Here are the latest *4G* bags in an architectural silhouette presented specifically to welcome fall and winter 2021. These designs by the creative director, Matthew M. Williams, are also a tribute to his love of  shape and symmetry. This love of symmetry and form was shared by the founder Hubert de Givenchy. The collection demonstrates the cosmopolitan attitude that Matthew M. Williams has set for Givenchy.




In bringing together the finest leather with the creative director's visions, Givenchy achieved their fall and winter masterpieces.
The architectural structure of the bags showcase unique form, function and _savoir-faire_ that reflects the superior craftsmanship of the brand.





This season, *4G* comes in two new formats either in the form of a genderless vertical mini sling bag or in the form of a medium-sized chain shoulder bag. Both are new additions to the brand.


The 4G family comes in a palette of forest green and chestnut hues, as well as fresh shades of lilac and ivory.




The iconic 4G bag for the Fall/Winter 2021 edition will roll out in stages, starting in August (for the vertical styles), September (for most of the remaining colors and styles) and October (for the chestnut, shearling and cushioned leather version).



​SOURCE: littleredbook (小红书)​
​


----------



## songan

*Givenchy Fall/Winter 2021-2022 Fashion Jewelry Line:*
The earrings are very geometric and blocky.


----------



## Evie1989

Hello everyone! 
I just bought a medium 4G box bag. The leather strap is supposed to be adjustable by separating the metal brackets, but I haven't been able to do it. Does anyone know how? TIA!


----------



## malin3

Evie1989 said:


> Hello everyone!
> I just bought a medium 4G box bag. The leather strap is supposed to be adjustable by separating the metal brackets, but I haven't been able to do it. Does anyone know how? TIA!
> 
> 
> 
> 
> 
> 
> 
> 
> 
> View attachment 5274157


You have no idea how happy I am that I wasn’t the only one who had problems with this!
If you look at my first picture and the side of the bracket that has the double strap.

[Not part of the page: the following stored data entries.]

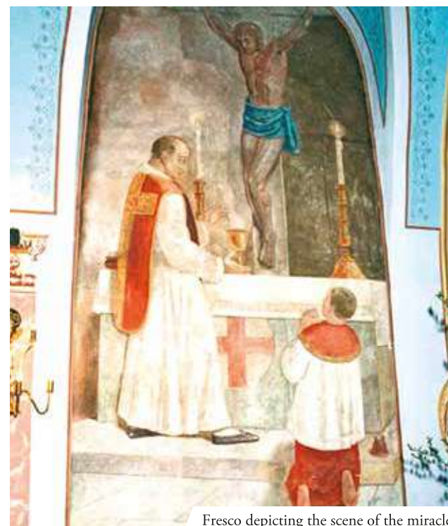
Fresco depicting the scene of the miracle

In 1411 at Ludbreg, in the chapel of the Count Batthyany's castle, a priest was celebrating Mass. During the consecration of the wine, the priest doubted the truth of transubstantiation and so the wine in the chalice turned into Blood. Not knowing what to do, the priest embedded this relic in the wall behind the main altar. The workman who did the job was sworn to silence. The priest also kept it secret and revealed it only at the time of his death. After the priest's revelation, news quickly spread and people started coming on pilgrimage to Ludbreg. The Holy See later had the relic of the miracle brought to Rome, where it remained for several years. The people of Ludbreg and the surrounding area, however, continued to make pilgrimages to the castle chapel. In the early 1500s, during the pontificate of Pope Julius II, a
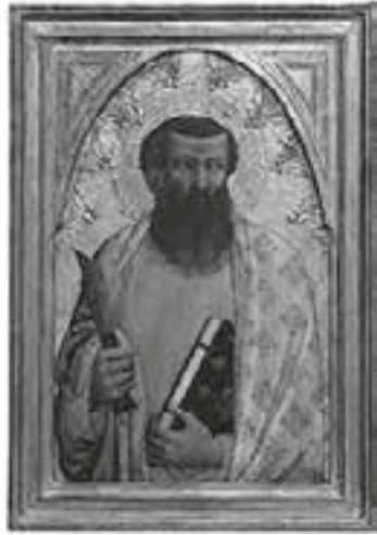
Antonio da Venezia (circa 1340–circa 1387) Italy
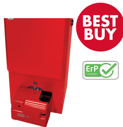
Grant Vortex boiler house 46/70kW model
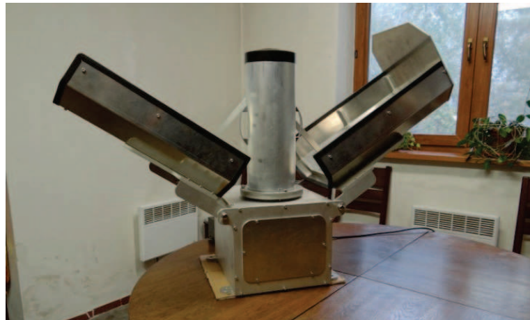
Fig. 1: Telescope in open configuration

Abstract: The paper deals with advanced approach for aeroelastic assessment of slender full sky telescope (see Fig. 1) for astronomical observation of the star-sky [1]. The telescope will be positioned outside in high geographical locations with dominant action of the wind. Functional requirements in such locations have resulted in a daring structural design of the telescope. The reliability of such device cannot be estimated unless ultimate aeroelastic response is considered. Telescope is equipped with two side sheets which can be opened in order to allow the full view function. The telescope is subjected to tuned vibration control in order to face extreme wind velocities in territories of its application for the case with open side sheets. The main question to be answered was the value of maximal wind velocity allowable for the case with slightly or full open size sheets. The measurements were made on actual telescope in the wind canal. The wind velocity varied in scope from 0 until 52 m/sec. Measured were the influences of laminar air flow, with consideration of turbulences in the boundary layer in proximity of the experimental set-up (see Fig. 2).
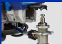
2) Open door and remove pump
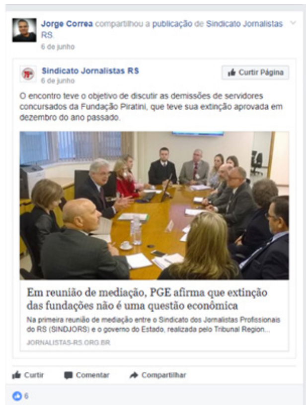
Figure 8 Category “trade unions.”
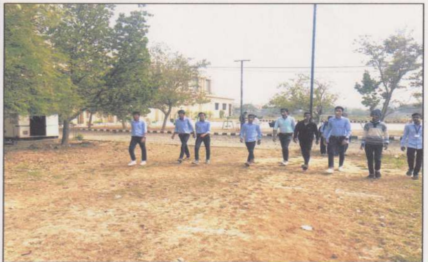
Boys, in action, during the Lemon Spoon Race
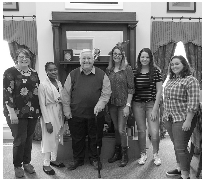
BCF students receiving Scholars in Residence Scholarship

*EDU 2000 and EDU 4090F students may need to begin their work prior to the scheduled beginning of the semester.
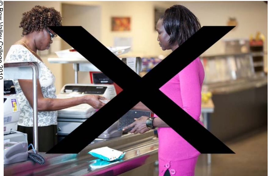
She will not buy a bag of chips every day.
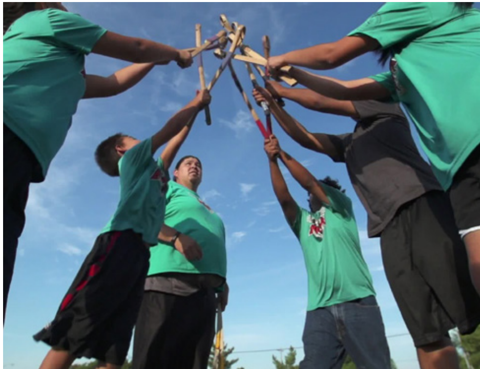
Youth stickball at Chickasaw Children's Village.

The budget proposes $33.7 million, an increase of $5.8 million over the 2023 enacted level, for Education IT to support the ongoing costs of distance learning and enhanced classroom technology. BIE continues to collaborate with Tribes and communities to alleviate ongoing strains imposed by the COVID-19 pandemic on BIE students and their families, teachers, administrators, and other staff members in K–12 schools and at TCUs. The 2024 budget will enable BIE to leverage ongoing infrastructure investments in new technology and operational capabilities at BIE-funded schools, including the new Education Learning Management System, by supporting comprehensive online delivery of educational courses to students and professional development

You want to separate these two. I hold the top one in one hand and the bottom in the other and make a movement similar to what you would to with a hedge cutter separating the two straps. I hope that makes sense


----------



## Evie1989

Thank you, it worked! And I'm so happy to learn I'm not the only one to struggled with this! Haha!



malin3 said:


> You have no idea how happy I am that I wasn’t the only one who had problems with this!
> If you look at my first picture and the side of the bracket that has the double strap. You want to separate these two. I hold the top one in one hand and the bottom in the other and make a movement similar to what you would to with a hedge cutter separating the two straps. I hope that makes sense


----------



## LVDevotee

Thinking about buying the G4 with leather strap in beige. How are those that have this bag liking it? Other opinions?


----------



## Evie1989

LVDevotee said:


> Thinking about buying the G4 with leather strap in beige. How are those that have this bag liking it? Other opinions?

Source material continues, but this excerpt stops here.